Ночь закатилась в окна, и не хочу рассвета!
Ах, как чудесно! Странно! Радостно и легко!
Тут бы гостила вечно. Трель балалайки где-то
Абрисом переборов вдруг потекла рекой.
Шалью укутав плечи, я подойду послушать –
Автор аккордов пустит звонкую россыпь нот.
Разве на свете что-то есть этой песни лучше?!
Опрометью, разгульно «Барыня» в пляс несёт!
Сдержанно улыбнувшись, дядюшка взял гитару,
Твёрдо и артистично, ловко коснулся струн…
Остановись, мгновенье! Дайте платок мне в пару!
Вот же, какая прелесть! И, подхватив игру,
Ангелом с чертовщинкой – дéвицей красной – выйду,
Важно, степенно встану – и разбегусь огнём.
Горести прочь, тревоги, суетность дня, обиды –
Облаком всё растает, в танце сгорит моём!
Слёзы смахнёт Анисья не оттого, что грустно, –
Трогает нас родное, что не изжить вовек.
Я так люблю безмерно эту святую русскость:
Хмурых полей раздолье, заспанность стылых рек,
Удаль бесстрашных воинов, дедов седую мудрость,
Дядюшкин простодушный и хлебосольный дом.
Я здесь хочу быть честной – это совсем не трудно –
Дарит тепло и чуткость свет за его окном.
Юзом подует ветер, нас уезжать заставит.
Шумный весёлый праздник сказочным сном прошёл.

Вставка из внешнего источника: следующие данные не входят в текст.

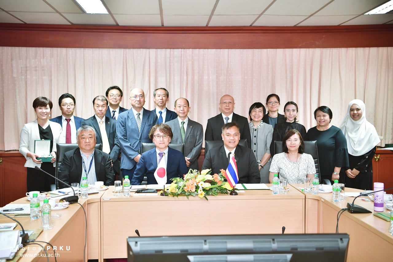 ดร.จงรัก วัชรินทร์รัตน์ รักษาการแทนอธิการบดีมหาวิทยาลัยเกษตรศาสตร์ ให้การต้อนรับคณะผู้บริหารจาก HR Japan และคณาจารย์จาก Mie University ประเทศญี่ปุ่น ซึ่งเดินทางมาเยือนมหาวิทยาลัยเกษตรศาสตร์ เพื่อหารือถึงแนวทางในการร่วมมือทางวิชาการระหว่างกัน เมื่อวันที่ 29 พฤษภาคม 2562 ณ ห้องประชุม 9 อาคารสารนิเทศ 50 ปี มหาวิทยาลัยเกษตรศาสตร์ บางเขน
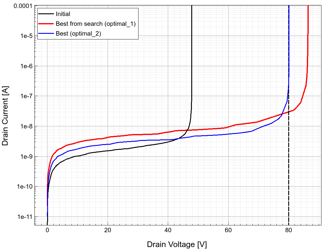 图 24. 初始、optimal_1 和 optimal_2 场景的 Id--Vd 特性曲线。(点击图片查看完整尺寸。)

Кажется мне, что завтра счастье захлопнет ставни,
И никогда не будет больше так хорошо…
Этот август настырно и знойно стучит по крыше.
Палисадник зарос, дом сутулый стоит и дряблый.
Только сладкие флоксы без спроса растут всё выше,
И грушовка в окно барабанит гирляндой яблок.
Ты приходишь сюда раз в неделю по расписанью.
Для тебя эти явки — за грешное счастье кара.
Ты в его телефоне под кодовым ником «Саня»,
А когда-то вы были обычной семейной парой.
Ты его отдала без сражений, сомнений — даром,
Не умела тогда перешагивать боль и гордость.
Но прошло десять лет, ты во многих морях бывала,
И лишь эта вода не даёт пересохнуть горлу.
Он войдёт очень тихо и вдруг со спины обнимет,
Влажно и горячо прикоснется губами к шее.
Между рёбрами ток, кипяток, а на коже иней,
Будто с горных вершин ты летишь в черноту расщелин.
Пусть сейчас он с тобой и не связан кольцом и долгом,
Только меньше всего беспокоит какой-то статус.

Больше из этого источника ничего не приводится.